+++ Given material +++
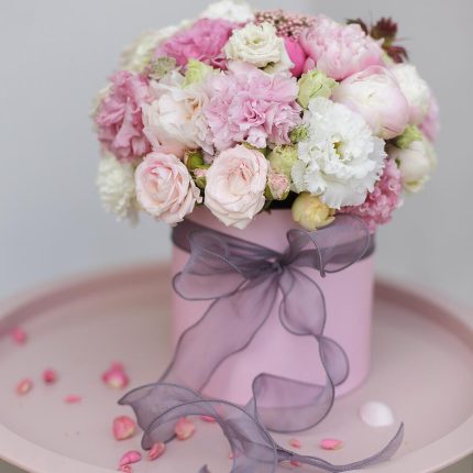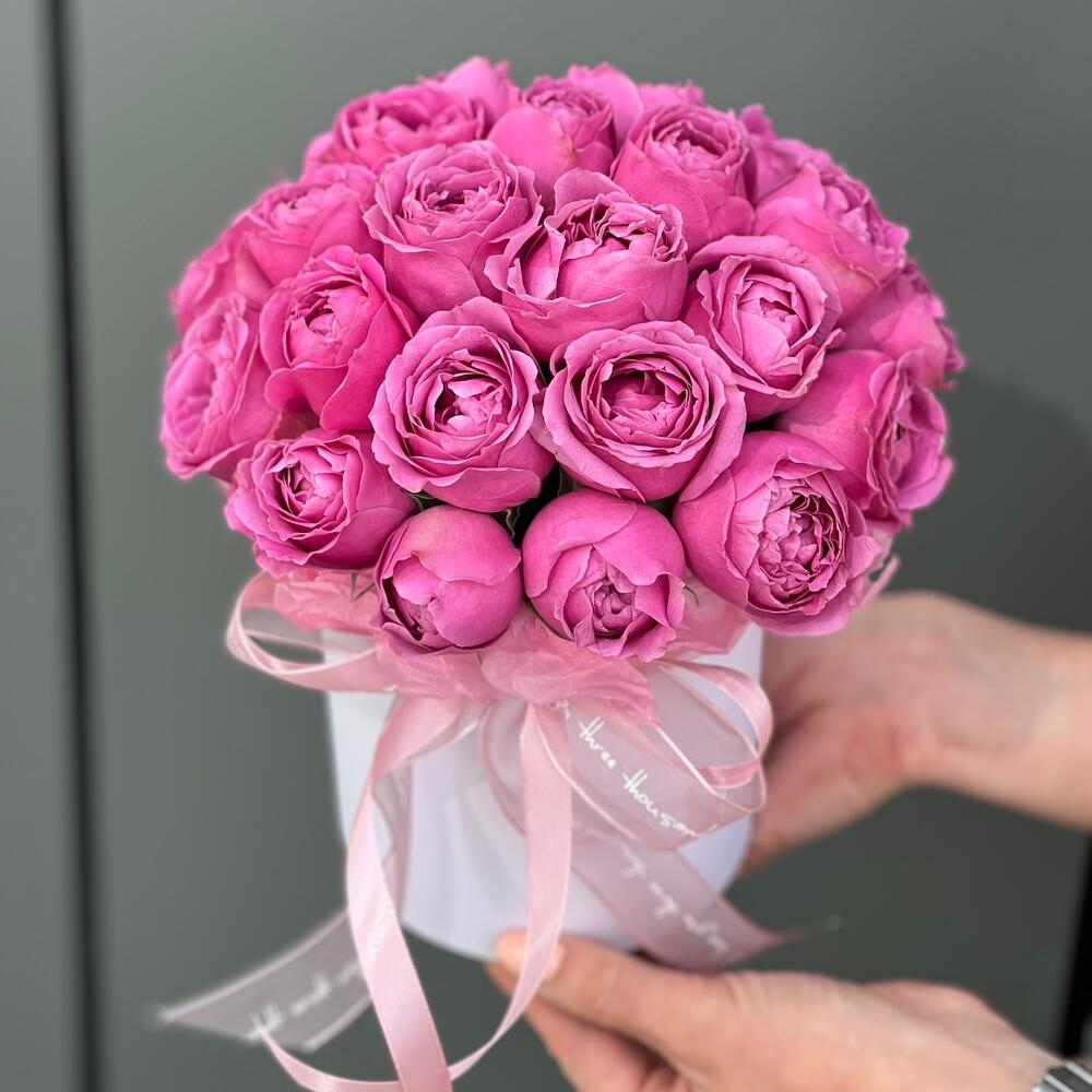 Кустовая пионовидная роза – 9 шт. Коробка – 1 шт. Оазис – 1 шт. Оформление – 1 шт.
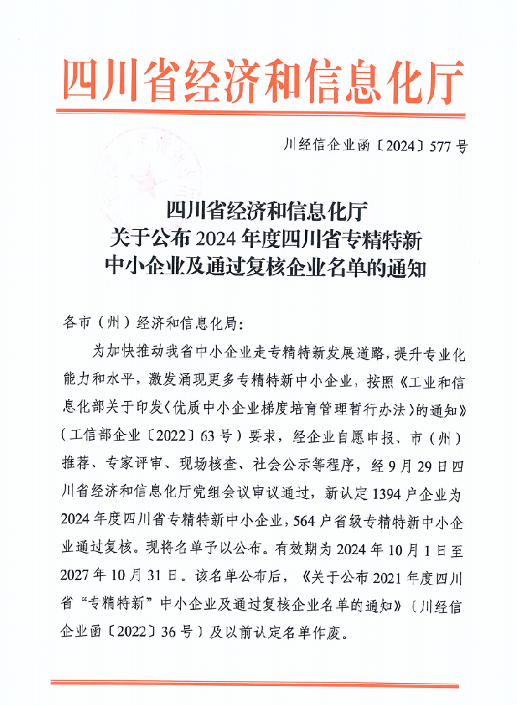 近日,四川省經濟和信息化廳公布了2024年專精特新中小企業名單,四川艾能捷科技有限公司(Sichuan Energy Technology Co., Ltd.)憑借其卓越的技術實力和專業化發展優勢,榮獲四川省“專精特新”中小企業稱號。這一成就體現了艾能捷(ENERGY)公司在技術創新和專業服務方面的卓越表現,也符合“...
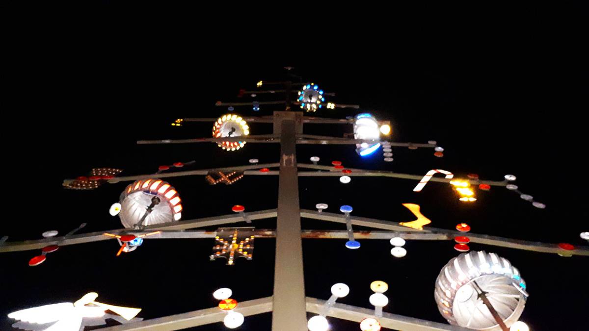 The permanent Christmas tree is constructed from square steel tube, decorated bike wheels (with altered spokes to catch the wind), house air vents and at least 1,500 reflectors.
+++
Try it:
Output the data above in full and exactly, with every image left out.

Solution below:
 Кустовая пионовидная роза – 9 шт. Коробка – 1 шт. Оазис – 1 шт. Оформление – 1 шт.
 近日,四川省經濟和信息化廳公布了2024年專精特新中小企業名單,四川艾能捷科技有限公司(Sichuan Energy Technology Co., Ltd.)憑借其卓越的技術實力和專業化發展優勢,榮獲四川省“專精特新”中小企業稱號。這一成就體現了艾能捷(ENERGY)公司在技術創新和專業服務方面的卓越表現,也符合“...
 The permanent Christmas tree is constructed from square steel tube, decorated bike wheels (with altered spokes to catch the wind), house air vents and at least 1,500 reflectors.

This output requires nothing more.